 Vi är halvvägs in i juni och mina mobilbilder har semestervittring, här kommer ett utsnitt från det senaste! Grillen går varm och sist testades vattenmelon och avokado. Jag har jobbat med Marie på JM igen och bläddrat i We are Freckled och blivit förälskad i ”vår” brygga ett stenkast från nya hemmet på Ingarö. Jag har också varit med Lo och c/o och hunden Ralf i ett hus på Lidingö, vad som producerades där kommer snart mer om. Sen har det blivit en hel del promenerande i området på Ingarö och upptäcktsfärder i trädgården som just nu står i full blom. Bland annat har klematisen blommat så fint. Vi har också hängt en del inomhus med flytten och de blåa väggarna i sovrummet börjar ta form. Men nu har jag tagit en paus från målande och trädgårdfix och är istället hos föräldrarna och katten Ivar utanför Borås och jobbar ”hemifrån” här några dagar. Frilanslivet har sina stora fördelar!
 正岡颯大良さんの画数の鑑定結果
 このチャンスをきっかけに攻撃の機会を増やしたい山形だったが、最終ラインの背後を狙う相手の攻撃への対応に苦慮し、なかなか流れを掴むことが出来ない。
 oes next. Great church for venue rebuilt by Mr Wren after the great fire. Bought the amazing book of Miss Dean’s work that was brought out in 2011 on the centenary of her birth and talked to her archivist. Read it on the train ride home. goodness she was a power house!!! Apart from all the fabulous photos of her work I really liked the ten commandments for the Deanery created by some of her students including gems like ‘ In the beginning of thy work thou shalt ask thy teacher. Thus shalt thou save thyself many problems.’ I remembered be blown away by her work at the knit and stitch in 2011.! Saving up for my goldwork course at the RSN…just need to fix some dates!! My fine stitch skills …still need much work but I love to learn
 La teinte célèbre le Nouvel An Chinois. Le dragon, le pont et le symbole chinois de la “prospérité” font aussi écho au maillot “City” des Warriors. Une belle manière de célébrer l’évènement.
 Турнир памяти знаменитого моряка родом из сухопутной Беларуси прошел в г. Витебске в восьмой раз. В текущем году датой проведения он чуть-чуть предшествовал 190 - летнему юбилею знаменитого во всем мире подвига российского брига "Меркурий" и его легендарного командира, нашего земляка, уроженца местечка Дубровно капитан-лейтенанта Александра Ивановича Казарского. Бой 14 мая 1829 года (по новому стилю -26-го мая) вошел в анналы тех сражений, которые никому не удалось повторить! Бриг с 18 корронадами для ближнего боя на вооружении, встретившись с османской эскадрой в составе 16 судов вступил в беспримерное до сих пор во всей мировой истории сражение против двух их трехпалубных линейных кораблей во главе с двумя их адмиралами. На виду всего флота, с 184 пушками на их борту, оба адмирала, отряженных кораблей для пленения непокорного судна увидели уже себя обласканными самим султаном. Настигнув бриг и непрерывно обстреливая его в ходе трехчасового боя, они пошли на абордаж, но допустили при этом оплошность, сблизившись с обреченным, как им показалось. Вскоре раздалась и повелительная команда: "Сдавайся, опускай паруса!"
§ §
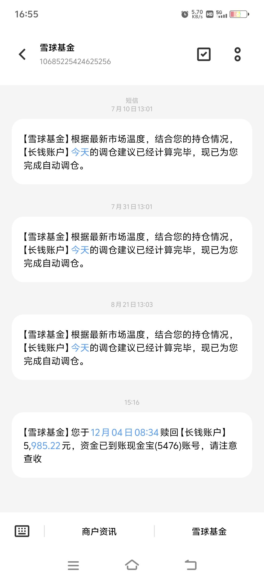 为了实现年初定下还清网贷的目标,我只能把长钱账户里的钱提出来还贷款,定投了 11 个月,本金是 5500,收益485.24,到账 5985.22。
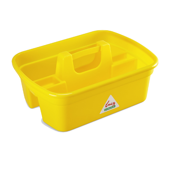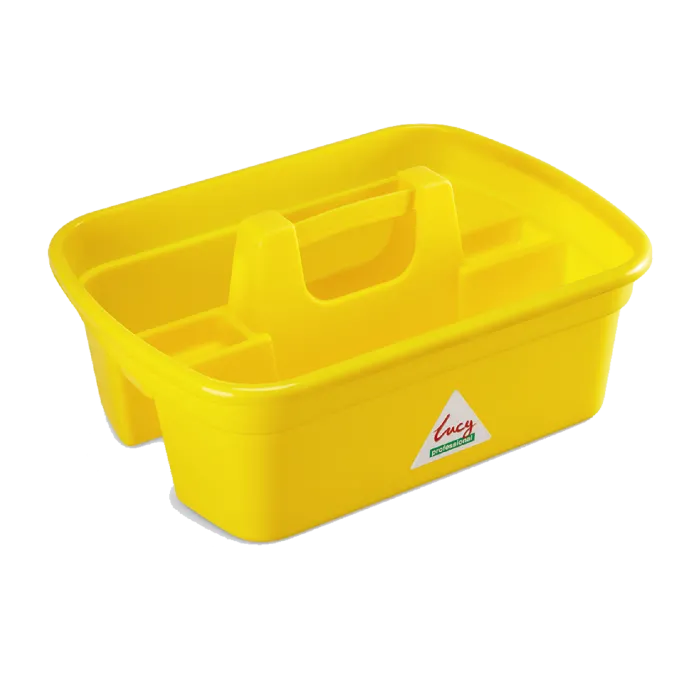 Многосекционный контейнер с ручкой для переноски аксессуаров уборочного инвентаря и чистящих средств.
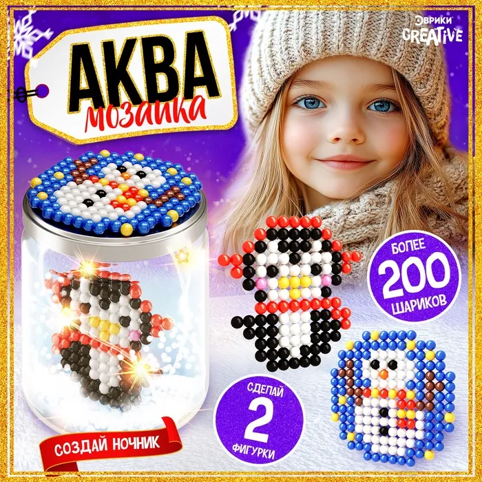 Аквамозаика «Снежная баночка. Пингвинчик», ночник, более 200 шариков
§ §
Read the lines above. Gather those in which the string "just" is found.

 Vi är halvvägs in i juni och mina mobilbilder har semestervittring, här kommer ett utsnitt från det senaste! Grillen går varm och sist testades vattenmelon och avokado. Jag har jobbat med Marie på JM igen och bläddrat i We are Freckled och blivit förälskad i ”vår” brygga ett stenkast från nya hemmet på Ingarö. Jag har också varit med Lo och c/o och hunden Ralf i ett hus på Lidingö, vad som producerades där kommer snart mer om. Sen har det blivit en hel del promenerande i området på Ingarö och upptäcktsfärder i trädgården som just nu står i full blom. Bland annat har klematisen blommat så fint. Vi har också hängt en del inomhus med flytten och de blåa väggarna i sovrummet börjar ta form. Men nu har jag tagit en paus från målande och trädgårdfix och är istället hos föräldrarna och katten Ivar utanför Borås och jobbar ”hemifrån” här några dagar. Frilanslivet har sina stora fördelar!
 oes next. Great church for venue rebuilt by Mr Wren after the great fire. Bought the amazing book of Miss Dean’s work that was brought out in 2011 on the centenary of her birth and talked to her archivist. Read it on the train ride home. goodness she was a power house!!! Apart from all the fabulous photos of her work I really liked the ten commandments for the Deanery created by some of her students including gems like ‘ In the beginning of thy work thou shalt ask thy teacher. Thus shalt thou save thyself many problems.’ I remembered be blown away by her work at the knit and stitch in 2011.! Saving up for my goldwork course at the RSN…just need to fix some dates!! My fine stitch skills …still need much work but I love to learn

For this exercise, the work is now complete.